Nearly 42,000 Irish residents are currently afflicted with Alzheimer's disease or another type of dementia. As our longevity increases, so does one's risk for developing Alzheimer's disease, since major symptoms typically begin to appear after age 65.
Staff at TILDA have, and continue to, cognitively tested people enrolled in their programme. Tests like the Mini Mental State Exam (MMSE), Montreal Cognitive Assessment (MoCA), and Sustained Attention to Response Task (SART) measure aspects of the respondent's short- and long-term memory and attention span.
But even if respondents score poorly on these tests, it is not necessarily indicative that they are developing Alzheimer's disease.
Dr Barry Boland and Professor Brian Lawlor, based at St James Hospital and Trinity College Dublin, are co-ordinating the Irish wing of a major European initiative aimed at standardising and developing biomarker research in Alzheimer's disease.
Biomarkers found in spinal fluid, like beta-amyloid and tau, more accurately correlate with cognitive impairment than blood biomarkers.
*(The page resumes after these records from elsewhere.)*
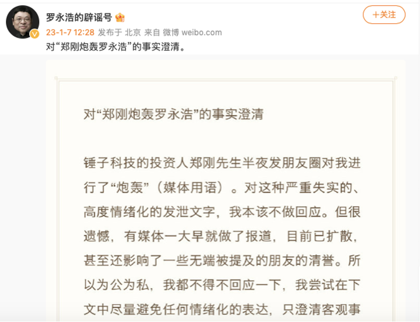 郑刚期待罗永浩是一个对员工、投资人都负责的“大人物”,深耕做好一行。在过往的交流中,他们也维持着体面。
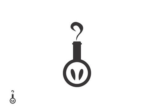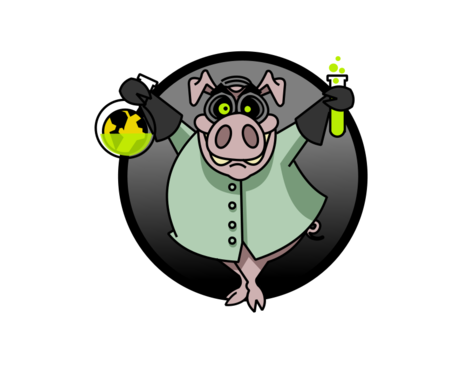 The pig should look like a mad scientist, standing on its hind legs, wearing goggles and holding test tubes. The pig appears to be pouring the contents of those test tubes into a flask.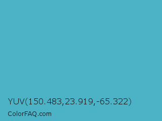 YUV 150.483,23.919,-65.322 Color is a normal cyan color and the nearest color is Maximum Blue #47abcc. Hex code #4cb3c7 and RGB value is rgb(76,179,199). In RGB color space, this color is composed of 30% red, 70% green, 78% blue, In CMYK color space, this color is composed of 62% cyan, 10% magenta, 0% yellow , 22% black , In HSL color space, this color has a hue angle of 190° , 52% saturation and 54% lightness.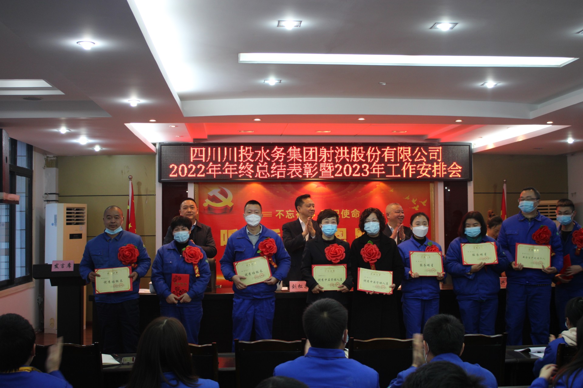 1月12日上午,射洪水司召開(kāi)了2022年度總結(jié)暨表彰暨2023年工作安排大會(huì),會(huì)議由公司黨支部青年委員、副總經(jīng)理?xiàng)钛訌?qiáng)主持。公司領(lǐng)導(dǎo)班子、中層管理人員、員工代表和受表彰的干部職工共計(jì)60余人參加了會(huì)議。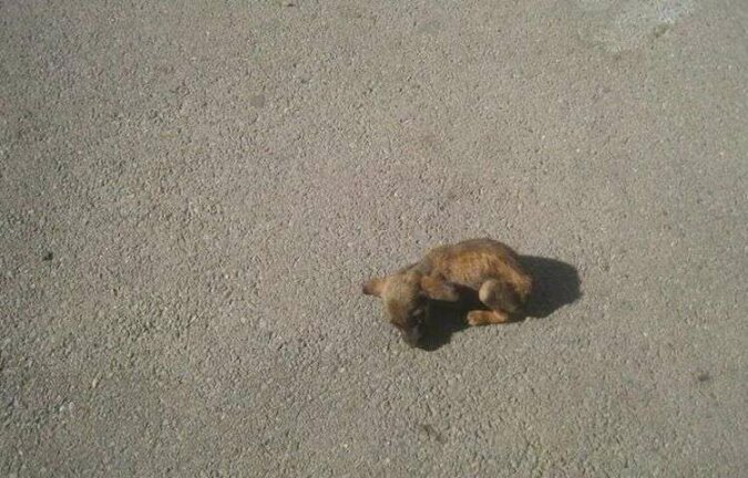 Podczas spaceru przyjaciółki zauważyły zwierzę zwinięte w kłębek na środku chodnika. Nie było wiadomo, czy pies żyje, czy nie.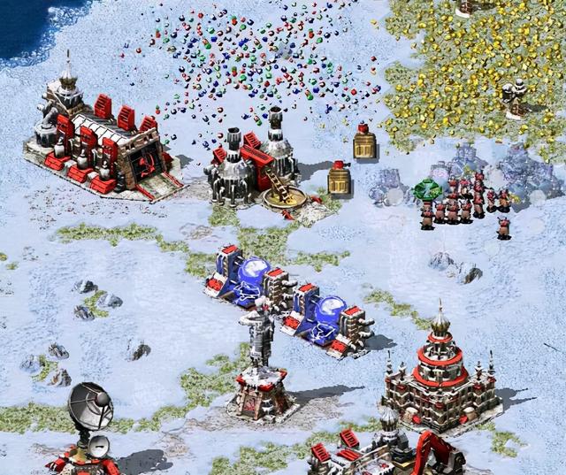 盟军并未料到苏联指挥官会打出这样的操作,大意了没来得及回防,很快我军工程师就占领了大量盟军设施,直接在盟军基地前建了一个苏联前哨站。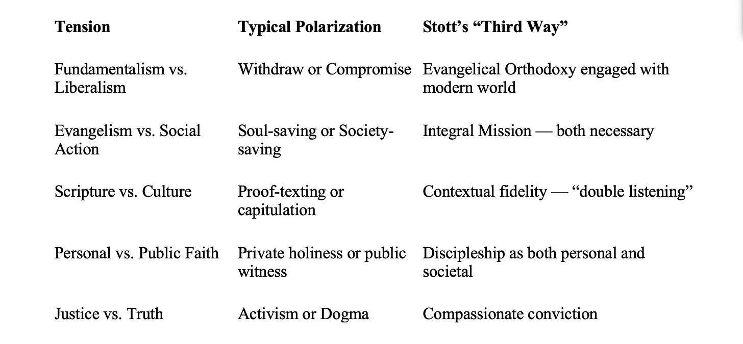I cannot remember the first time I heard the phrase “Third-way ism.” In evangelicalism, it refers to a philosophy of holding to biblical tensions, forgoing the natural tendency to collapse into simplistic binaries. John Stott never used the term “Third Way-ism”, but he often employed such an approach. He was fond of pitting two extremes against one another while proffering a preferred middle ground. For example, in The Contemporary Christian, Stott writes that believers should use “double listening” – listening simultaneously to both God’s Word and the modern world (he made sure to qualify: the latter should be evaluated in deference to the former). This fits within Stott’s larger missiological framework rejecting both isolationism (a fundamentalist withdraw) as well as accommodationism (a liberal surrender). He writes, “We are neither to withdraw from the world nor to become indistinguishable from it, but to serve it with the mind of Christ.” This is Stott’s Third Way-ism in action – engagement without capitulation, faithfulness without fear.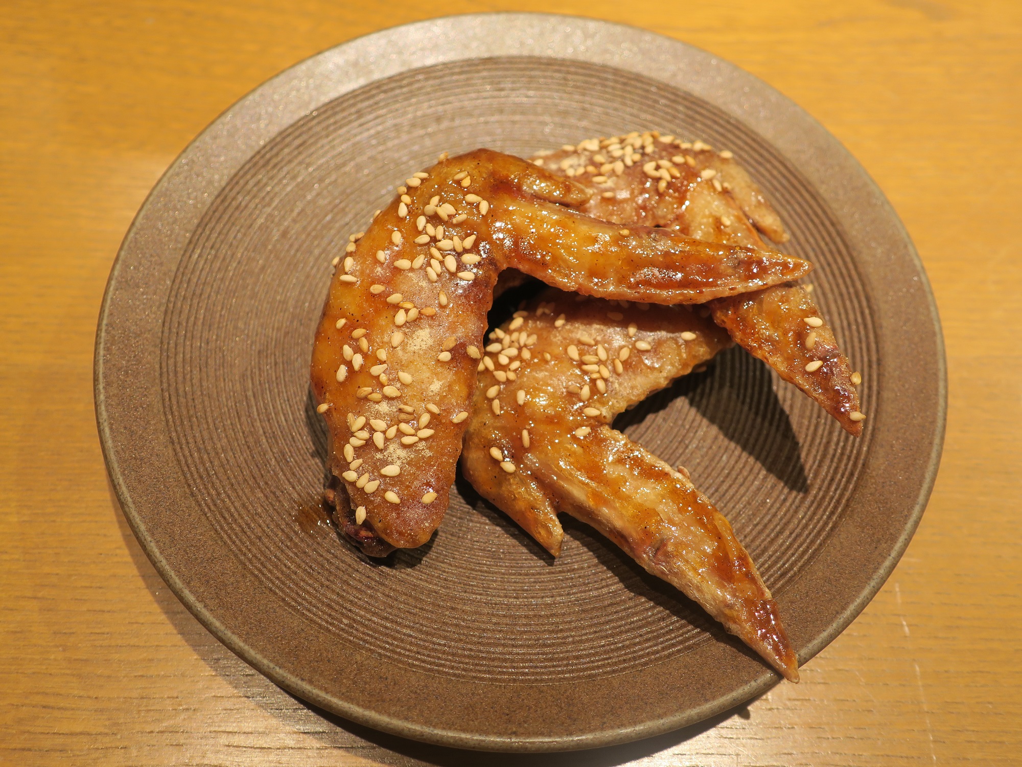 名古屋のド定番、手羽先の唐揚げです。甘辛い・・・いや、後味がちょっとピリッと来るたれで味付けされていまして、これがビールに合うんですねー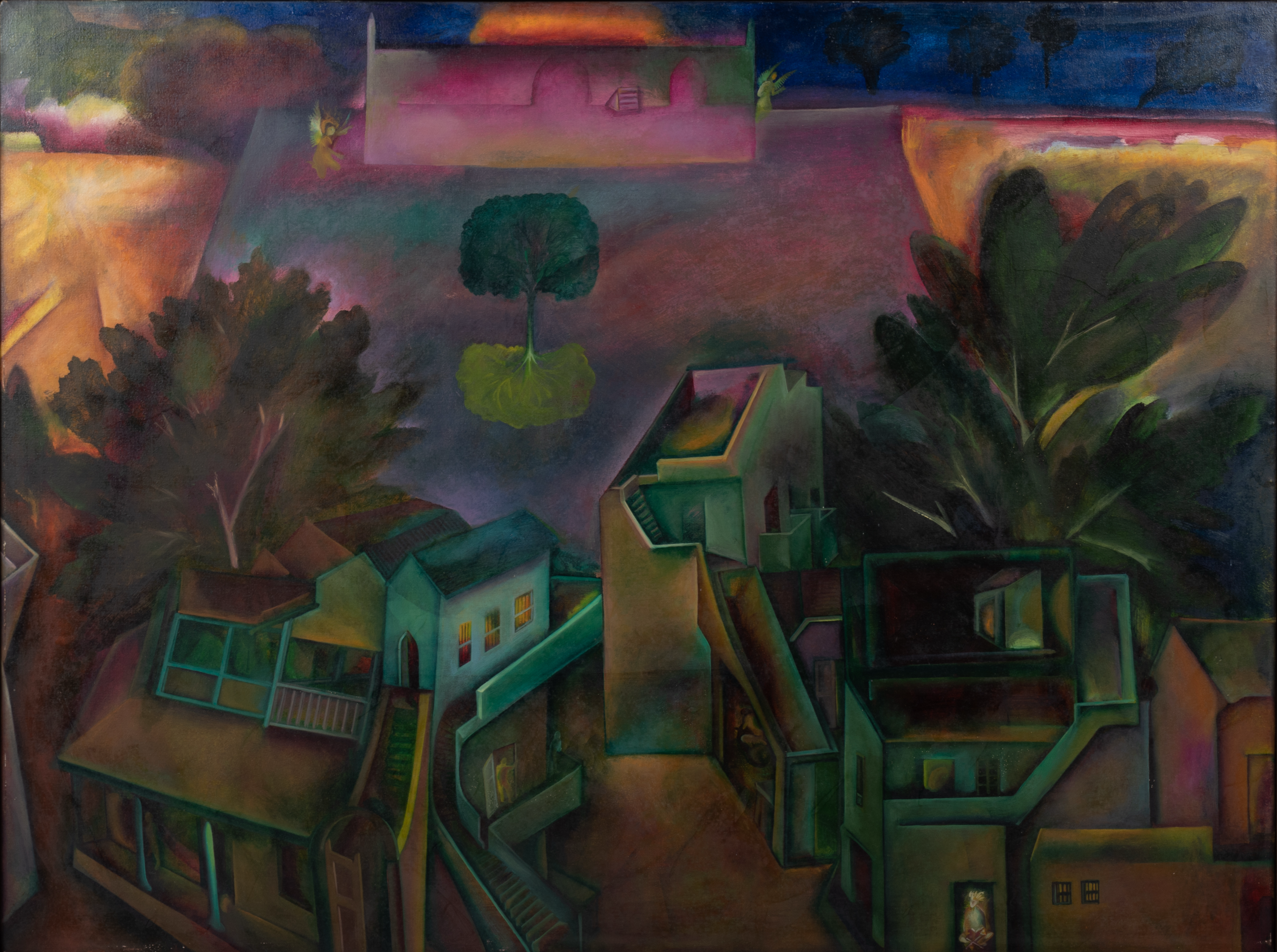 Sheikh says he painted this untitled oil on canvas, described in the catalogue as evoking “haunted twilight”, in the style of Bhupen Khakhar because “I wanted to know how Bhupen managed with light!”

Combined with an MRI of the brain, these biomarkers help to determine if a person has or is developing Alzheimer's disease.
In countries like Sweden and Germany, it is standard practice for patients exhibiting cognitive symptoms of Alzheimer's disease to undergo a spinal tap. By looking at biomarker levels in a patient's spinal fluid, doctors can determine if they display hallmarks of Alzheimer's disease.
Dr Boland and Professor Lawlor are examining samples of spinal fluid from patients who already suffer from Alzheimer's disease.
They will be able to compare these samples to those of other ethnicities throughout Europe.
Ultimately, TILDA hopes that some respondents who exhibit no signs of cognitive impairment will volunteer to have a sample of spinal fluid taken in the next wave of data collection to be undertaken in 2014.
This way, if participants develop Alzheimer's disease or another type of dementia, TILDA researchers can determine if biomarkers changed in their spinal fluid before cognitive symptoms began. Researchers will also be able to compare their cognitive test scores with biomarker levels.
This will ultimately lead to a greater understanding of how changes in neurological biomarker levels correlate with disease onset and progression.
In patients who develop Alzheimer's disease, Professor Lawlor believes it is important, for those who are able, to exercise, reduce consumption of alcohol and remain sociable.
While not proven, high blood pressure and cholesterol can be risk factors.
So what is good for your heart can also be good for your brain.